> GIVEN MATERIAL
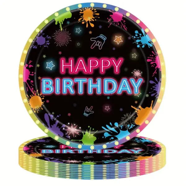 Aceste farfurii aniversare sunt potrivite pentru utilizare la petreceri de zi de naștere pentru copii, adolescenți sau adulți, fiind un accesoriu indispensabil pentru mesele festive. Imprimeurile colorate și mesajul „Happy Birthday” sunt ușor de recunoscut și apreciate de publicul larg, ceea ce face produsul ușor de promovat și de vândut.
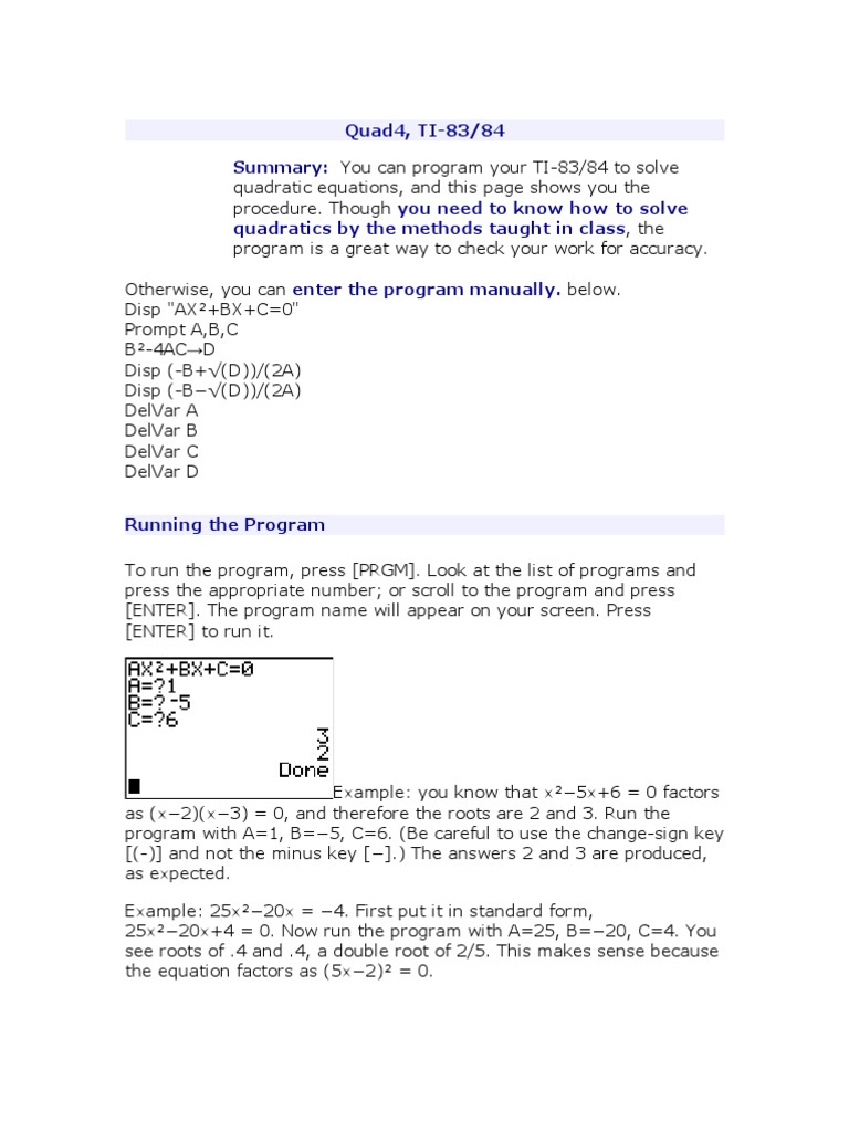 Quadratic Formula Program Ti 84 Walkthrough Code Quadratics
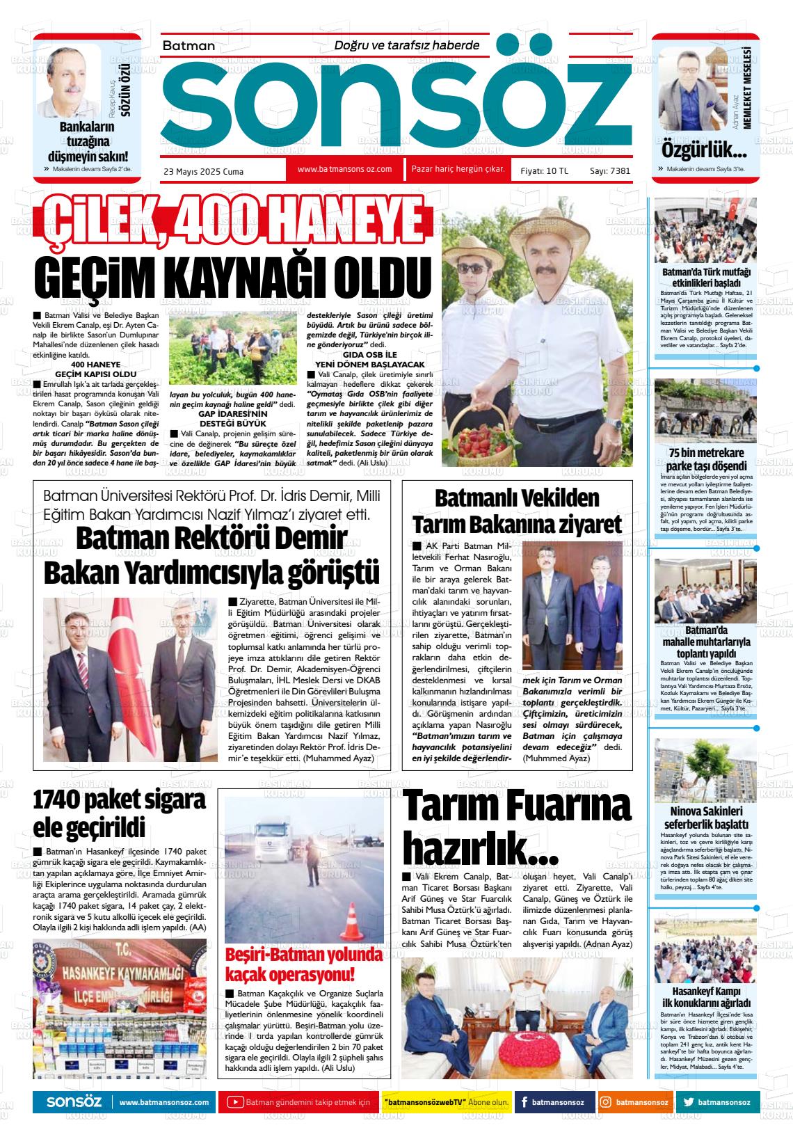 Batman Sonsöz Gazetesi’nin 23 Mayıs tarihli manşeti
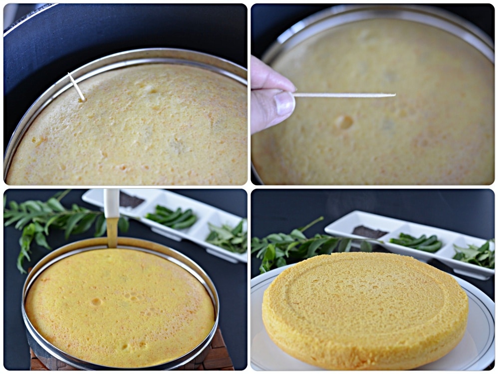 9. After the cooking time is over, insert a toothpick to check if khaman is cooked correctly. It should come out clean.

> WORK REQUIRED
Return the material from above in full, exactly as written, with the pictures omitted.

> SOLUTION TO THIS EXERCISE
 Aceste farfurii aniversare sunt potrivite pentru utilizare la petreceri de zi de naștere pentru copii, adolescenți sau adulți, fiind un accesoriu indispensabil pentru mesele festive. Imprimeurile colorate și mesajul „Happy Birthday” sunt ușor de recunoscut și apreciate de publicul larg, ceea ce face produsul ușor de promovat și de vândut.
 Quadratic Formula Program Ti 84 Walkthrough Code Quadratics
 Batman Sonsöz Gazetesi’nin 23 Mayıs tarihli manşeti
 9. After the cooking time is over, insert a toothpick to check if khaman is cooked correctly. It should come out clean.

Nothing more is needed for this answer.